Wer sich als etwas Besseres fühlt und dies dem Gegenüber zu verstehen gibt, macht sich nicht nur angreifbar (weil jeder Fehltritt zu Recht sofort angeprangert wird), sondern verabschiedet sich auch aus dem politischen Dialog. Hier liegt ein Grund für die zunehmend verhärteten Debatten zwischen den Lagern: Wer dem Leben der anderen Seite a priori verständnislos begegnet, beendet das Gespräch, bevor es begonnen hat.

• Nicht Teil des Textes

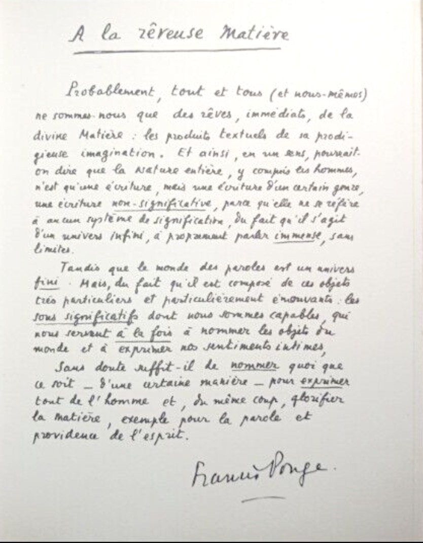 Sans doute suffit-il de nommer quoi que ce soit — d’une certaine manière — pour exprimer tout de l’homme et, du même coup, glorifier la matière, exemple pour la parole et providence de l’esprit.

Es fehlt so eine Basis des gemeinsamen Verständnisses. Das lässt sich nicht nur links, sondern auf beiden Seiten des politischen Spektrums beobachten. Die Konsequenz daraus ist nun allerdings nicht, sich all dem zu verweigern, was Moralisten als das bessere Leben betrachten würden. Oder aus Trotz das Gegenteil zu tun.

Nur weil einem irgendwelche missionierende Veganer auf die Nerven gehen, heisst das noch lange nicht, dass es vielleicht gar nicht so unschlau wäre, auf das eine oder andere Stück Fleisch zu verzichten.

Man sollte dabei einfach – herzliche Grüsse ins Gürbetal – möglichst entspannt bleiben.

Philipp Loser ist Redaktor des «Tages-Anzeiger».